Adds opt-in persistent memory to platform-mode chat completions: a new memory_enabled flag (off by default) gates a best-effort recall-before-dispatch + remember-after flow. Message helpers inject recalled facts into the system prompt and build the turn to store; two platform clients (_recall_platform_memory, _remember_platform_memory) talk to /gateway/memory/{recall,remember}; a streaming wrapper accumulates assistant text and fires a fire-and-forget remember on normal completion. Both streaming and non-streaming paths are wired. Standalone mode is unaffected.

Comment thread src/gateway/api/routes/_platform.py Outdated
Comment thread src/gateway/api/routes/_pipeline.py Outdated
Comment thread src/gateway/api/routes/chat.py Outdated
Comment thread src/gateway/api/routes/_helpers.py
Comment thread tests/unit/test_memory_platform.py
@dpoulopoulos

Copy link
Copy Markdown
Member Author

Thanks for the careful review.

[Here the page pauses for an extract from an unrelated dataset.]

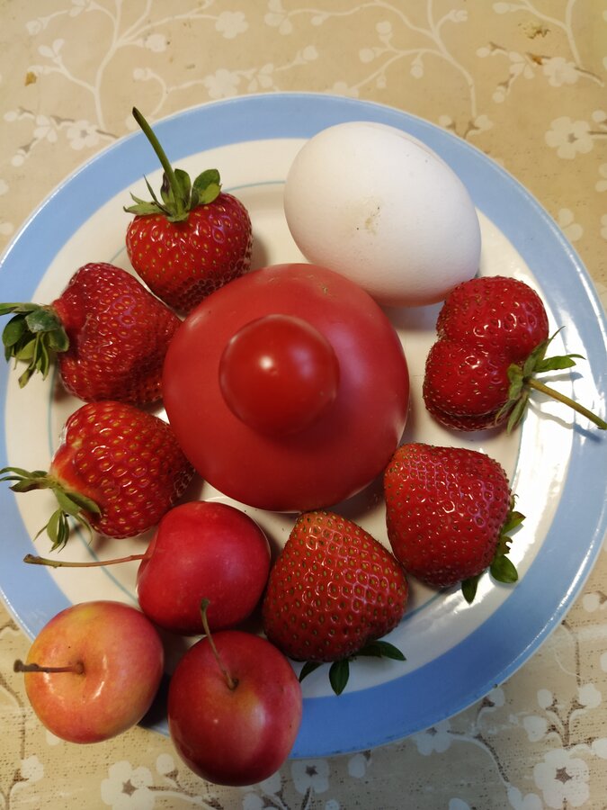 Вообще я не была поклонницей ремов,наверное мне не везло с сортами или я требовала от них слишком много. В этом сезоне я решила выращивать ремы как одноразовые поздние сорта и влюбилась в отдельные сорта. Это последний сбор, томаты и ранетки для понимания сроков, а яйцо для понимания размера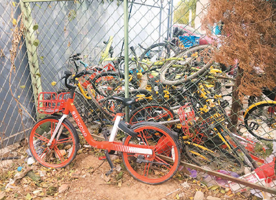 圖為廢棄的共享單車。本報(bào)記者 彭訓(xùn)文攝 |

Pushed fixups addressing the best-effort gaps:

  • Timeout parsing no longer uses a bare int(...). Added a _coerce_timeout_ms helper that falls back to the default for missing, non-numeric, or non-positive values, used by both recall and remember.
  • Broadened the recall/remember error handling from (TimeoutException, NetworkError) to httpx.HTTPError, so the long tail (RemoteProtocolError, ProxyError, InvalidURL, etc.) can't turn a would-succeed chat into a 500.
  • Wrapped the recall call site in chat.py in a try/except that logs and proceeds without facts, as a belt-and-suspenders boundary.
  • The streaming remember task now keeps its reference and attaches a done-callback that retrieves and logs any exception, so a failed background write doesn't leak a "Task exception was never retrieved" warning.
  • Added regression tests: malformed timeout values (recall + remember) asserting the default fallback, a RemoteProtocolError swallowed on both paths, and a raising streamed settled-callback that doesn't propagate.

Two points I left as-is, with reasoning:

  • Recall-before-dispatch adds up to the recall timeout to TTFT under a degraded memory service. That's inherent (facts must be in the prompt before the call) and already bounded by a configurable timeout, so no change beyond the safer parsing above.
  • The multimodal-system-content repr edge case in inject_memory_facts mirrors the existing inject_purpose_hints helper; system content is effectively always a string, and changing only this helper would diverge from that pattern.

ruff, mypy (strict), and the full unit suite are green.

@dpoulopoulos dpoulopoulos left a comment

Copy link
Copy Markdown
Member Author

Choose a reason for hiding this comment

The reason will be displayed to describe this comment to others. Learn more.

Adds opt-in, best-effort persistent memory to platform-mode chat completions, gated by a new memory_enabled config flag (OTARI_MEMORY_ENABLED, default off). Before dispatch the gateway recalls facts from the platform (/gateway/memory/recall) and injects them into the system prompt; after a completion it stores the new turn fire-and-forget (/gateway/memory/remember) for both non-streaming (background task) and streaming (a capture wrapper that accumulates assistant text and persists only on normal completion). Standalone mode and the /messages and /responses endpoints are unaffected. This is a re-review after the author addressed the previous round of feedback.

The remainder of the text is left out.